Jessie A Ellis Apr 08, 2026 17:06

GitHub's new Rubber Duck feature pairs Claude models with GPT-5.4 for independent code review, closing 74.7% of the performance gap between Sonnet and Opus.

GitHub Copilot CLI Adds Rubber Duck Feature for Cross-Model AI Code Review

GitHub just shipped a feature that addresses one of the most frustrating problems with AI coding assistants: they make confident mistakes that snowball into bigger messes. The new Rubber Duck capability, now available in experimental mode for Copilot CLI, brings in a second AI model from a completely different family to critique the primary agent's work.

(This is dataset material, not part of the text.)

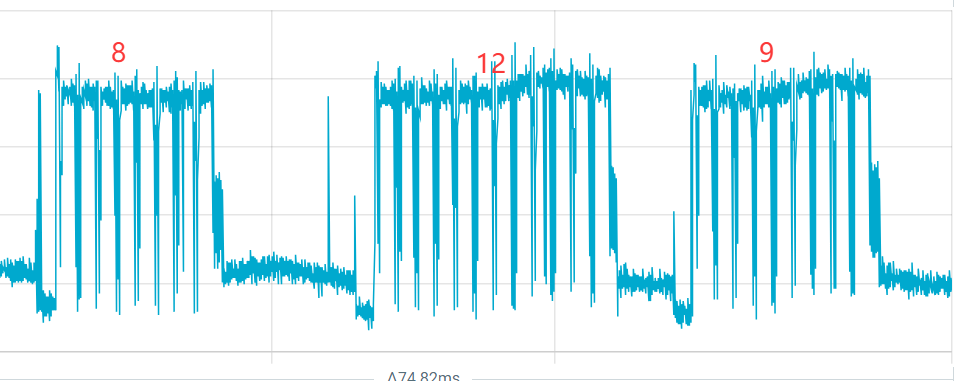 我们还可以通过功耗仪,看一看从机发送的情况:

Here's the setup: when you're running a Claude model as your main orchestrator, Rubber Duck deploys GPT-5.4 as an independent reviewer. The goal isn't just catching typos—it's questioning architectural decisions before they become expensive technical debt.

The Numbers Worth Knowing

GitHub tested this on SWE-Bench Pro, a benchmark of gnarly real-world coding problems from open-source repos. Claude Sonnet 4.6 paired with Rubber Duck closed 74.7% of the performance gap between Sonnet and the more expensive Opus model running solo.

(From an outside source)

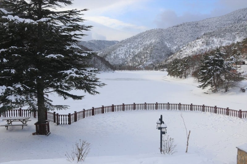 Hava sıcaklıklarının gece saatlerinde sıfırın altına düşmesiyle birlikte Boraboy Gölü’nün yüzeyi tamamen buz tuttu. Kartpostallık görüntüler ortaya çıkarken, göl çevresinde kış manzaraları dikkat çekti.

The gains weren't uniform. Rubber Duck showed the strongest results on complex problems spanning 3+ files that typically require 70+ steps to resolve. On these harder tasks, the Sonnet + Rubber Duck combo scored 3.8% higher than baseline Sonnet, jumping to 4.8% higher on the most difficult problems identified across three trials.

What It Actually Catches

GitHub shared specific examples from their testing. In one OpenLibrary case, Rubber Duck flagged that a proposed scheduler would start and immediately exit without running any jobs—and spotted that even if fixed, one scheduled task contained an infinite loop.

Another catch: a single-line bug in a Solr integration where a loop silently overwrote the same dictionary key on every iteration. Three of four facet categories were being dropped from search queries with zero errors thrown. That's the kind of bug that passes code review and then haunts you in production for months.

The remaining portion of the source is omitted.